Many sales advisors make the mistake of delivering the price to the customer … and then leave them in stunned silence.
Tom Amero, certified elite trainer at Elite, a training company that works with the automotive aftermarket, calls it a hammer drop. You’ve gone through the process of understanding the customer, going through their issue, building trust with your shop, explaining the great techs that will work on it — all these wonderful things — and then tell them their repair will be a couple thousand dollars.
And then it’s silence. But it’s not golden. How do you think the customer is feeling?
“That is the worst place to pause. I just dropped the hammer,” he said during the session High Impact Service Advisor Sales Course at this year’s Midwest Auto Care Alliance’s Vision and Hi-Tech Training Expo in Kansas City.
After you tell them the price, continue the conversation by telling them you can get started on the work that day or whenever you have a spot available. Then ask for their approval. That’s your closing sentence. That doesn’t matter if they’re on the phone with you or in person on the other side of the counter, Amaro noted.
And confidence is key. If you sound like the price is painful, the customer will definitely pick up on that.

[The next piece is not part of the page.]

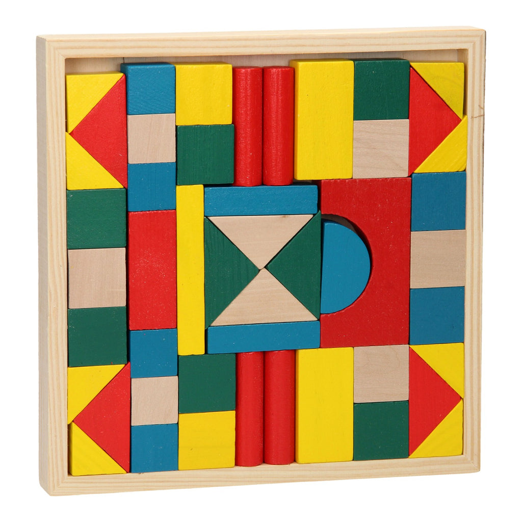 De houten bouwblokken bestaan uit verschillende vormen en kleuren. Met de bouwblokken kunnen kinderen hun fantasie de vrije loop laten gaan. Geschikt vanaf drie jaar. Inclusief een aantal voorbeelden.

“You’ve got to be confident in the closing,” Amaro said. “If you’ve got an issue with this, they will have an issue with it, I promise you. They will feel that and they will be uncomfortable. You got to confidently know how you’re going to close, you got to know that sentence, deliver the price and deliver your closing sentence.”

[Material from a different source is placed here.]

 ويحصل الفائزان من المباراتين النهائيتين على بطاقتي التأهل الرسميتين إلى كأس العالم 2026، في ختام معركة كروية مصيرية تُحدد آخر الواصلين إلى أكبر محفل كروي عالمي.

That is the time to take a pause.
“Let them digest it. Let them figure it out. Let them talk next. Little bit of silence is OK,” Amaro said. “You cannot pause after the price. It’s ‘price and,’ you deliver your close and then you pause.”

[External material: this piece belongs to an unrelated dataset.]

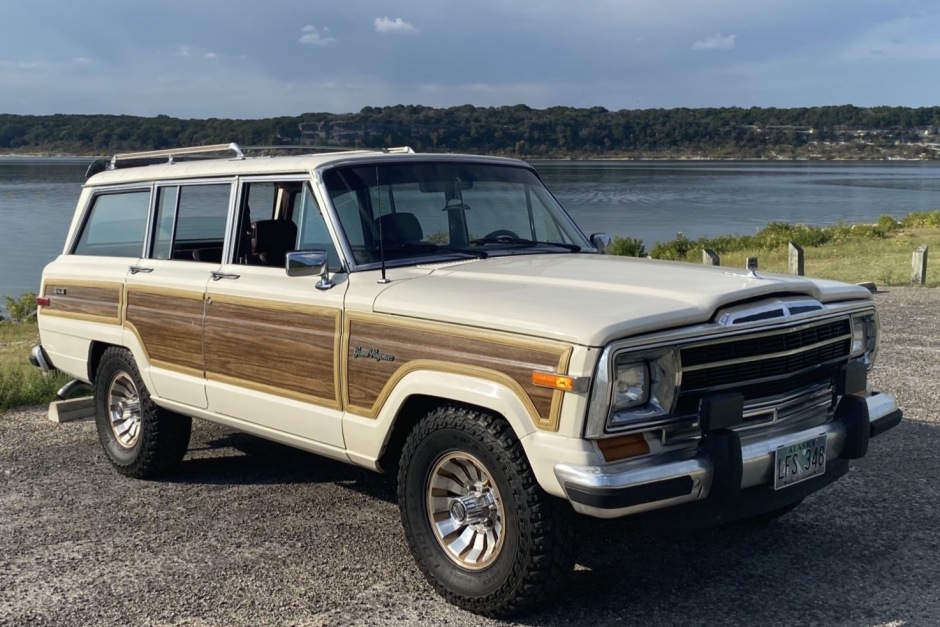 This 1987 Jeep Grand Wagoneer is said to have been delivered new to Herbert Motors in Longmont, Colorado, and spent several years in Texas before being acquired by the seller in 2021. The truck is finished in beige with with woodgrain paneling over maroon leather upholstery and is powered by a 5.9-liter V8 mated to a three-speed automatic transmission and a dual-range transfer case. Equipment includes LED headlights, driving lights, a roof rack, cruise control, air conditioning, a power-retractable rear window, and an aftermarket head unit that features a backup camera and Bluetooth.

If you talk, for example, about the quality of the parts or the work, chances are you’re going to divert the conversation away from getting the sale done.
“When you speak you’re interrupting the brain process,” observed Darrin Barney, president of Elite, who spoke during the same session.
And when they’re looking for an out, they will likely find one. And maybe it ends up with you offering a discount to not lose the customer.
“We could give away the farm. We guess; we know what the objections are. We guess we know what they’re thinking. We don’t,” Barney said.
I disagree with this sentiment. We’re not salesmen. We provide a needed service. A little empathy and reassuring that the job is necessary, the car is worth the investment, and a brief explanation of the repair being more financially feasible than other alternatives – ie replacing the car, or ignoring the problem and making it worse, is what I believe customers are looking for. Not a hard close. If the work is really necessary, and our price is fair, there should be no salesmanship needed. And in todays market of never ending appointments, I honestly do not have time to argue if someone is just trying to save a nickel. You’re never going to please those people. Charge your inspection fee, and move along to the person beating down the door for service.
In most cases, the car came to you because they already know they needed to spend money.
A bit of sympathy never hurts also.
I used to like people before I started working in retail. Nuff said.